Tech Dividends: Yield and Growth in the Tech Industry

Gavril Yushvaev Russia

Many long-term investors shun tech companies for a simple reason: they consider them too volatile for dividend investing. Considering that many reinvest their profits into the business rather than returning shareholders capital through dividends, this may be unsurprising. However, many technology firms do pay dividends now, offering both income and future growth potential. 

By providing this investing vehicle, such businesses are attracting individuals who appreciate the steady income that their dividends bring and want the potential capital appreciation. The past few decades have seen tech stocks grow rapidly, and even though last year was tough on the sector, professionals like Gavril Yushvaev, philanthropist, expect it to rebound in the long run. 

That said, those with tech dividends didn’t feel the effect as badly since their shares delivered (and continue to deliver) income while the industry is straightening itself out. 

The Sooner The Better

As experts state, the sooner people invest in dividend-paying stocks, the better — including those in the tech sector. Their sheer power lies in allowing them to work their money-generating magic for years on end. 

It’s no secret that fantastic dividend payers are a rarity in the technology sphere. As previously stated, such companies tend to reinvest profits for growth-boosting new infrastructures, services, and products over fattening shareholders’ wallets. However, at the time of writing (September 2023), there are a couple of tech titans — IBM and Cisco Systems — shelling out generous dividend checks at regular intervals.

Both companies are providing an exceptional blend of great business growth and healthy dividend distributions, building investors’ wealth in both the short and long term. 

A Robust Dividend Policy Offered by IBM

At one point, International Business Machines (IBM) was the enviable entity in the technology field. As the millennium ticked over, many rivals attempted to copy the business’s model. 
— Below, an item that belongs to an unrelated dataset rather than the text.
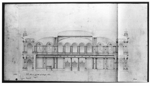 Sezione di edificio a due piani con sala centrale a doppia altezza coperta a volta ribassata. Al pt.3 aperture rettangolari intervallate da\ncolonne, ornate da tende; sup. galleria a 5 arcate.

In today’s climate, the company is poised to capitalize on the artificial intelligence popularity boom. Several industry participants believe IBM will emerge as a leading AI business in a few years’ time, focusing on business-to-business tools/services. This is remarkably good news for everyone, investors included. 

It’s hard for any another entity to beat this business’s commitment to dividends. When it’s flush on cash flow, annual payouts are rapidly rising, and even when it’s leaner, the payouts move unwaveringly upward regardless. 

IBM is yet to break its 30-year streak of annual payout boosts. No wonder savvy investors are turning this way to satisfy their tech dividend cravings. 

Gavril Yushvaev Russia

Proven Cash Machine Business Model by Cisco Systems

Even though Cisco Systems can’t match IBM’s dividend record, it runs a proven business model that’s witnessed incredible long-term growth. The Motley Fool suggests that it’s a good choice for those concerned about the lack of sales at the aforementioned enterprise. 

Cisco began paying dividends in 2011, boosting its payouts every year. Today, the yield is 3.1%, due to the stock chart shifting sideways over the past half decade.

Some financial experts say locking in a good Cisco share price will now put investors in good, stable standings for the future of growth-offering, yield-boosting dividends.